■ WHAT THIS TASK INVOLVES ■
Would you reproduce exactly, and only, the lines starting at the one with "360 DERECE DÖNEBİLEN- 3" and ending at the last line of the data, with both included? Leave the pictures out.

■ THE RECORDS ■

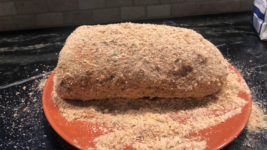 After the roll is set unwrap the chicken cordon bleu, prepare 3 separate large, wide dishes with the flour, beaten egg, and bread crumbs. Dredge the chicken first in the flour, then the egg, and then bread crumbs.
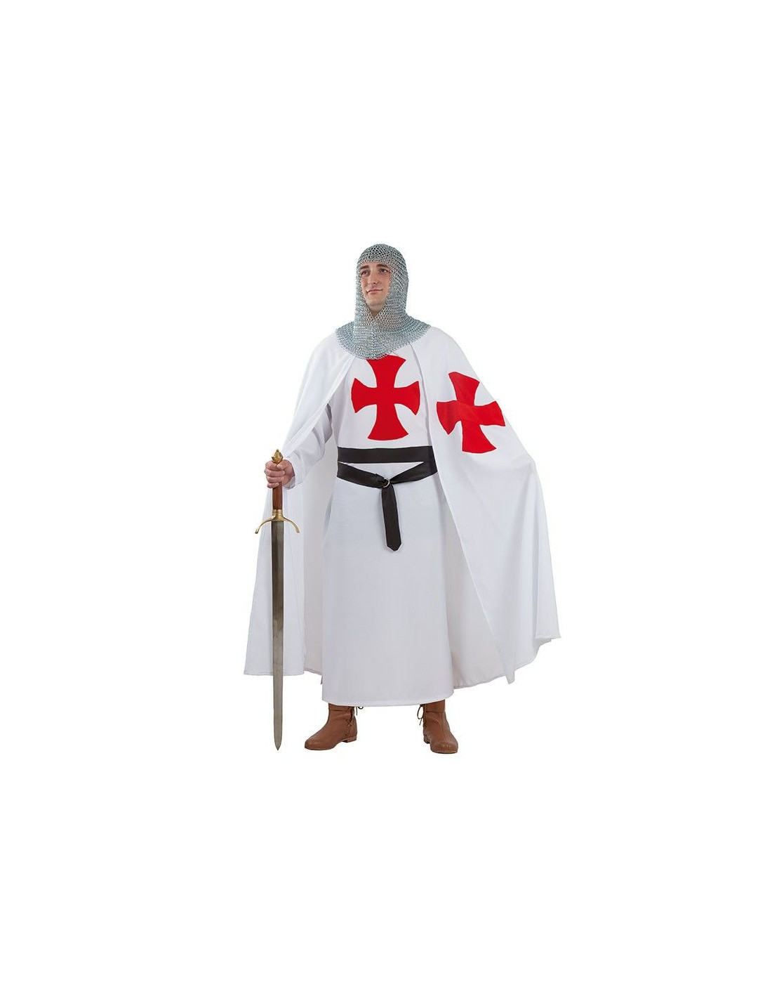 El disfraz de la orden de los  templario incluye capa con curz, túnica con cruz y cinturón de doble vuelta de polipiel. con este disfraz templario medieval puedes convertirte en un elegante caballero de las cruzadas del rey Pedro I de Aragon y unirte en la defensa de los territorios conquistados. Este traje es perfecto para desfiles y eventos medievales.
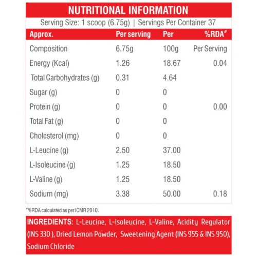 Citrus Mojito: Branch Chain Amino Acids Powder (L-Leucine, L-Valine), Acidity Regulator (INS 330), Dried Lemon Powder, Sweetening Agent (INS 955 & INS 950)
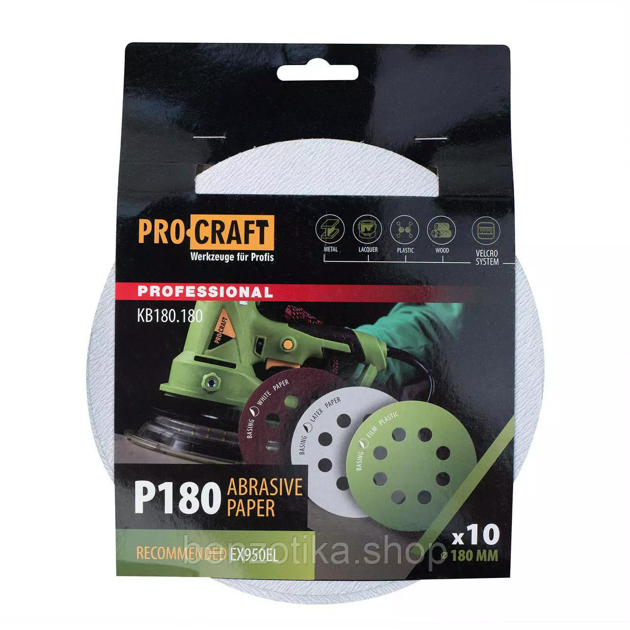 Круг шлифовальный самозацепной Procraft KB180.180 UNIVERSAL (набор 10 шт.) 8 отв.
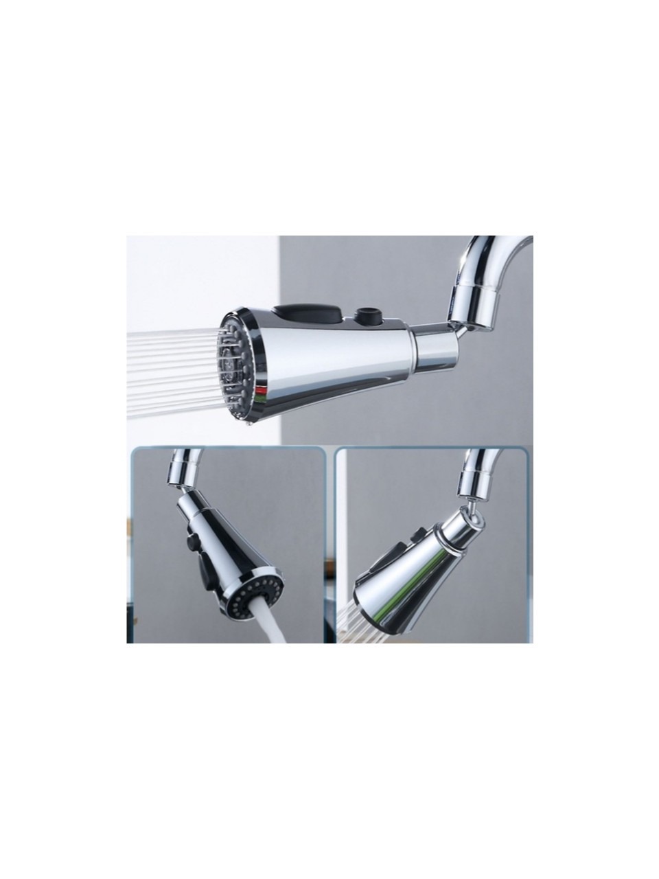 360 DERECE DÖNEBİLEN- 3 MOD KROM YAĞMUR PÜSKÜRTME BORULU KUBAR MUSLUK UCU
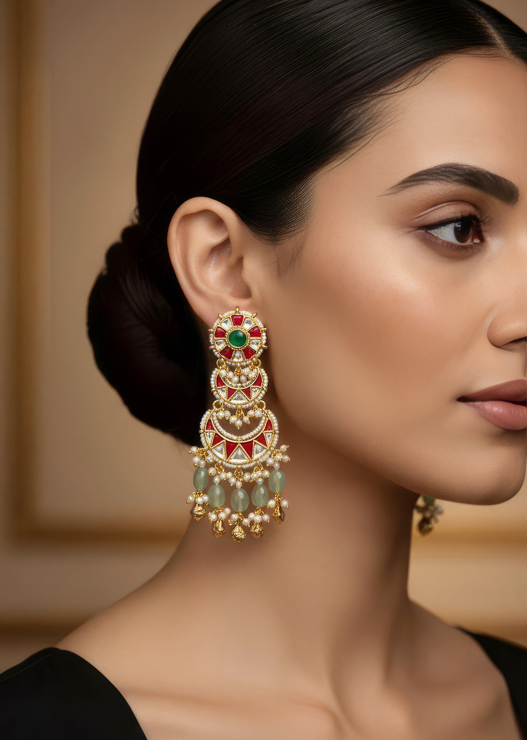 : Pair them with a green or red lehenga or an anarkali to complement the enamel accents and enhance the traditional charm.
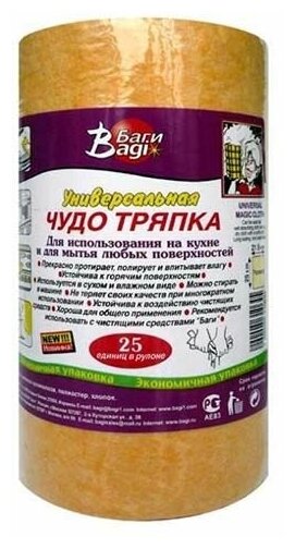 Салфетка для уборки Bagi Чудо-тряпка, универсальная, 25 листов в рулоне интересное:

■ RESPONSE AREA ■
 360 DERECE DÖNEBİLEN- 3 MOD KROM YAĞMUR PÜSKÜRTME BORULU KUBAR MUSLUK UCU
 : Pair them with a green or red lehenga or an anarkali to complement the enamel accents and enhance the traditional charm.
 Салфетка для уборки Bagi Чудо-тряпка, универсальная, 25 листов в рулоне интересное:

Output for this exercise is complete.